Load them in the Streamlit app or any GIS tool.
What the Script Does¶
- Selects dataset by year
- 1985–2012 → Landsat 5/7 (L57)
- 2013–present → Landsat 8/9 (L89)
-
2016–present → Sentinel-2 L2A (S2)
-
Searches scenes via STAC
- Filters by date range and AOI intersection
- Applies cloud cover threshold (
eo:cloud_cover) - Deduplicates to the lowest cloud cover per tile/day
-
Optionally subsamples with
DAY_GAPto limit redundancy -
Builds a stack with StackSTAC
- Clips to AOI bounds
- Reprojects to a UTM CRS inferred from the AOI
-
Uses Dask for lazy evaluation (no local storage required)
-
Computes NDVI per scene
- Applies dataset-specific scale and offset rules
- Sentinel-2: reflectance scaled by 1/10,000
- Landsat: reflectance scale ≈ 2.75e−05, offset ≈ −0.2
-
NDVI formula:
(NIR − RED) / (NIR + RED) -
Masks clouds, water, snow
- Sentinel-2: uses SCL classification
-
Landsat: uses QA_PIXEL bitmask
-
Creates a seasonal composite
- Reduces along time using
.max(dim="time") -
Produces a single NDVI raster per year
-
Writes Cloud-Optimized GeoTIFFs
- Saves as
float32COGs with DEFLATE compression - Ensures valid CRS and affine transform metadata
Environment Variables¶
Tune the run directly from the command line without editing the code.
| Variable | Purpose | Example |
|---|---|---|
MAX_SCENES | Limit scenes per year for speed (None = all). | MAX_SCENES=None or MAX_SCENES=12 |
MAX_CLOUD | Cloud cover threshold (%) for STAC query. | MAX_CLOUD=60 |
WINDOW_WEEKS | Length of seasonal window. | WINDOW_WEEKS=12 → 12-week growing season |
WINDOW_START_MONTH | Month where window starts. | WINDOW_START_MONTH=7 → July |
WINDOW_START_DAY | Day of month to start. | WINDOW_START_DAY=1 |
DAY_GAP | Minimum days between accepted scenes per tile. | DAY_GAP=10 → ~1 scene every 10 days |
Examples
# Aggressive data pull over a longer season
MAX_SCENES=None MAX_CLOUD=85 WINDOW_WEEKS=12 DAY_GAP=8 python src/search_download.py
# Faster development run over a short window
MAX_SCENES=8 MAX_CLOUD=70 WINDOW_WEEKS=6 DAY_GAP=12 python src/search_download.py
Controlling Years¶
By default:
years = list(range(1985, 2025))
Common edits:
# Single year
years = [2016]
# Span of years
years = list(range(2000, 2006)) # 2000–2005 inclusive
# Last decade
years = list(range(2015, 2025))
Implementation Notes¶
Dataset Registry (DATASETS)¶
Each dataset defines the STAC collection, band names, masking strategy, and reflectance scale/offset.

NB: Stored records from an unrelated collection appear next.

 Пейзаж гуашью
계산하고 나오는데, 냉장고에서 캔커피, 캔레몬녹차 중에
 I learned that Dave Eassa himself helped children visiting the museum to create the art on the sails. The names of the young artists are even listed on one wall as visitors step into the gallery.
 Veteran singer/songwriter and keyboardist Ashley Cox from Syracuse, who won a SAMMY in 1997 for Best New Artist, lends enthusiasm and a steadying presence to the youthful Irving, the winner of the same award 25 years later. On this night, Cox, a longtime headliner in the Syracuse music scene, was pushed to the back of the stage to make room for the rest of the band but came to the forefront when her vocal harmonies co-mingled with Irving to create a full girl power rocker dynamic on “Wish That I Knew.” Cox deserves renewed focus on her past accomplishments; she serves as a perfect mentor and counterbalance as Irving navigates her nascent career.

The correct configuration is automatically selected using select_dataset(year).
Landsat Asset Resolution¶
Planetary Computer occasionally renames bands.
resolve_landsat_assets() checks the first item to confirm the correct RED, NIR, and QA keys (e.g., SR_B3, SR_B4, SR_B5, or QA_PIXEL).
Cloud Masking¶
- Sentinel-2: masks
SCLcategories (cloud, cirrus, snow, water, shadow) - Landsat: uses
_L8_BADbitmask fromQA_PIXEL
CRS Handling¶
The AOI is reprojected to an estimated UTM CRS.

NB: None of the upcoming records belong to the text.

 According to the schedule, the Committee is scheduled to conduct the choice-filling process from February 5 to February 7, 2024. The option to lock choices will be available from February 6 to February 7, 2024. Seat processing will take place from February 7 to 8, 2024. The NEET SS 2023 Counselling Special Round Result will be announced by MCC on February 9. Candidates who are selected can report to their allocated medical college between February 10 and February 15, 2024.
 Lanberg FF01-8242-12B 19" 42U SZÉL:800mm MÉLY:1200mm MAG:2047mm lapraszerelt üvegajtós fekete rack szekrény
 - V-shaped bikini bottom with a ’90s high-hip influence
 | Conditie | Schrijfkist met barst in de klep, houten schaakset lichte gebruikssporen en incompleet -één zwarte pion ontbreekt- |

If a CRS is missing from the output, it’s written from the AOI before export.
Performance and Memory¶
- Dask lazily evaluates all computations
MAX_SCENESandDAY_GAPlimit per-year data volume- Chunks are tuned for balance:
{"time": 1, "y": 512, "x": 512}
Troubleshooting¶
| Symptom | Likely Cause | Fix |
|---|---|---|
| “No scenes for year” | AOI outside coverage or too strict filters | Increase MAX_CLOUD, adjust WINDOW_*, verify AOI geometry |
| “Stack has 0 bands” | Asset mismatch | Check resolve_landsat_assets() and printed asset keys |
| COG write fails mid-run | Memory limits during compression | Reduce MAX_SCENES or shorten WINDOW_WEEKS |
| Colors appear wrong | Missing scale/offset or nodata handling | Confirm dataset scales and ensure zeros are masked |
| Misaligned pixels | CRS mismatch | Let the script assign CRS automatically (avoid manual reprojection) |
How the Composite Is Formed¶
- Per scene: invalid pixels masked, reflectance scaled, NDVI computed
- Per year: NDVI reduced with
.max(dim="time", skipna=True) - Output: float32 COG with CRS and transform set from NIR band
Alternative reducers:
# Median
ndvi_med = ndvi_t.median(dim="time", skipna=True)
# 95th percentile
ndvi_med = ndvi_t.quantile(0.95, dim="time", skipna=True)
Next Steps¶
Once the composites are generated, open the viewer:
streamlit run src/streamlit.py
This allows interactive exploration, year comparison, and ΔNDVI visualization.